December 5, 2005 at 3:50 pm
Hi, all, I hope you can help. I need to be able to strip numeric data out of a column. For example, in one column, I have all of the following occurrences of data:
*CA 1000
CA 5000
*CA4000
I basically need only the 1000, 5000 and 4000 from each of these. Any ideas on how to do this? I didn't think I could use SUBSTRING since it needed a certain position...
Thanks!
Amy
December 5, 2005 at 4:04 pm
There may be a better way to do this, but here is a method using substring that will work:
declare @mychar varchar(20),
@Index int,
@NumericText varchar(20)
set @mychar = '*CA 4000'
Set @NumericText = ''
set @index = 1
while @NumericText = ''
begin
if isnumeric(substring(@mychar,@index,len(@mychar))) = 1
set @numerictext = ltrim(substring(@mychar,@index,len(@mychar)))
else
end
print @numerictext
December 5, 2005 at 4:21 pm
Is it just prefixes you need to consider ?
If so:
Declare @TestData varchar(20)
Set @TestData = 'CA 5000'
Select Substring(@TestData, patindex('%[0-9]%', @TestData), Len(@TestData))
December 5, 2005 at 4:25 pm
December 5, 2005 at 4:25 pm
Great! Both work perfectly and are exactly what I needed... thanks!
December 5, 2005 at 4:58 pm
Hmmm... well, I know this is going to come up, too. What about if I need the alpha characters only?
For example, starting in the 4th position, I need to pick up everything until I hit a number:
U2-GED 34039 (I need GED)
U2-GE 00638 (I need GE)
U2-GESE38027 (I need GESE)
I tried changing this to charindex, but couldn't get it to return what I needed. Any other ideas? Thanks for the help!

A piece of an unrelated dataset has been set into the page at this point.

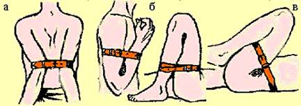Рис. 3. Остановка артериального кровотечения максимальным сгибанием конечностей при ранении сосудов:

December 6, 2005 at 7:02 am
You can do the same kind of thing:
--select between position 4 and the first number after position 4
Declare @TestData varchar(20)
Set @TestData = 'U2-GED 34039'
Select Substring(@TestData, 4, patindex('%[0-9]%', Substring(@TestData, 4, Len(@TestData)))-1)
Ryan Randall
Solutions are easy. Understanding the problem, now, that's the hard part.

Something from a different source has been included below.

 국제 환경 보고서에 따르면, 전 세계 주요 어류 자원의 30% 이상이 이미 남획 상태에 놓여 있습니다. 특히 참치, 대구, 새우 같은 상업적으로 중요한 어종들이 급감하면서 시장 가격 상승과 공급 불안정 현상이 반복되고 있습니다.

December 6, 2005 at 9:00 am
I ran into this often enough to create a general-purpose function. The @type parameter should have a bit set for every class of character you want returned; 1=alphabetic, 2=numeric, 3=alphanumeric, 7=alphanumeric and spaces, 15=all standard ASCII chars, etc.
CREATE
FUNCTION [dbo].[udf_extract] (
@input varchar(500),
@type tinyint
)
RETURNS varchar(500)
-- Removes unwanted characters from a string
-- Set bits in @type to indicate which types of characters to keep
-- 1=Alpha, 2=Numeric, 4=Space, 8=Other Printable Characters, 16=Control & Graphic characters
-- Example: SELECT master.dbo.udf_extract(' ABC def 321 ', 1|2|4|8)
AS
BEGIN
DECLARE @output varchar(500), @i smallint, @C tinyint
SET @output = ''
SET @i = DATALENGTH(@input) -- Use DATALENGTH instead of LEN to handle @input of all spaces
WHILE @i > 0 BEGIN
SET @C = ASCII(SUBSTRING(@input, @i, 1))
IF 0 < ( @type &
CASE
WHEN @C BETWEEN 65 AND 90 OR @C BETWEEN 97 AND 122 THEN 1
WHEN @C BETWEEN 48 AND 57 THEN 2
WHEN @C = 32 THEN 4
WHEN @C BETWEEN 33 AND 126 THEN 8
ELSE 16 END)
SET @output = CHAR(@C) + @output
SET @i = @i - 1
END
RETURN @output
END
December 6, 2005 at 1:18 pm
I have a bunch of functions for string cleaning. As far as execution plans go, is it more optimal to use different functions?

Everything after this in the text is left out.